On the contrary, I think it’s remarkably effective, as long as effective means being able to use retroactive surveillance and parallel construction to secretly build criminal cases against anyone the state wants to disappear into its private/for-profit gulags.

Furthermore, most “terrorist” attacks are very obviously false flag operations. So tune away on the Magic 8 Ball surveillance systems all you like.

*boom*

Via: ZDnet:

A former National Security Agency official turned whistleblower has spent almost a decade and a half in civilian life.
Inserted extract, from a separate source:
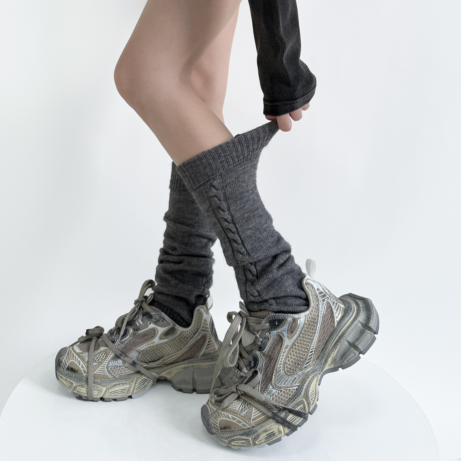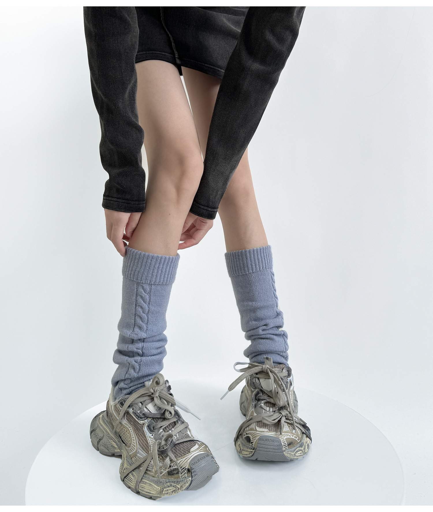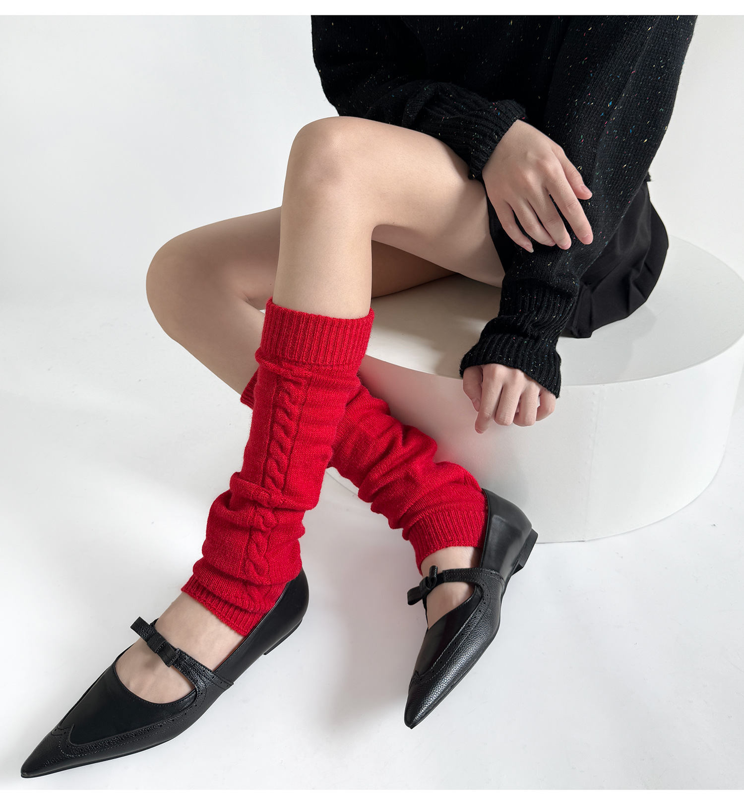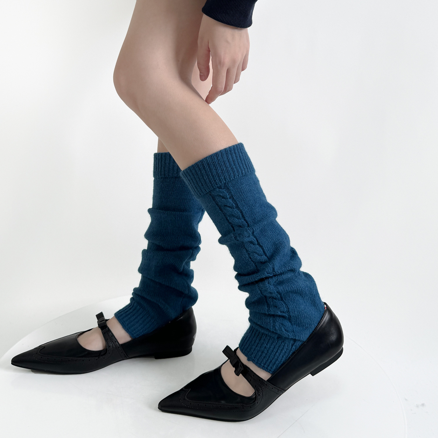 가을과 겨울 트위스트 양말 여성용 플랜지 빈티지 니트 힙 스택 송아지 양말 따뜻한 슬리밍 레그 커버 솔리드 컬러 올 매치 부트 커버

And he says he’s still “pissed” by what he’s seen leak in the past two years.

In a lunch meeting hosted by Contrast Security founder Jeff Williams on Wednesday, William Binney, a former NSA official who spent more than three decades at the agency, said the US government’s mass surveillance programs have become so engorged with data that they are no longer effective, losing vital intelligence in the fray.

Binney said that an analyst today can run one simple query across the NSA’s various databases, only to become immediately overloaded with information. With about four billion people — around two-thirds of the world’s population — under the NSA and partner agencies’ watchful eyes, according to his estimates, there is too much data being collected.

“That’s why they couldn’t stop the Boston bombing, or the Paris shootings, because the data was all there,” said Binney. Because the agency isn’t carefully and methodically setting its tools up for smart data collection, that leaves analysts to search for a needle in a haystack.

“The data was all there… the NSA is great at going back over it forensically for years to see what they were doing before that,” he said. “But that doesn’t stop it.”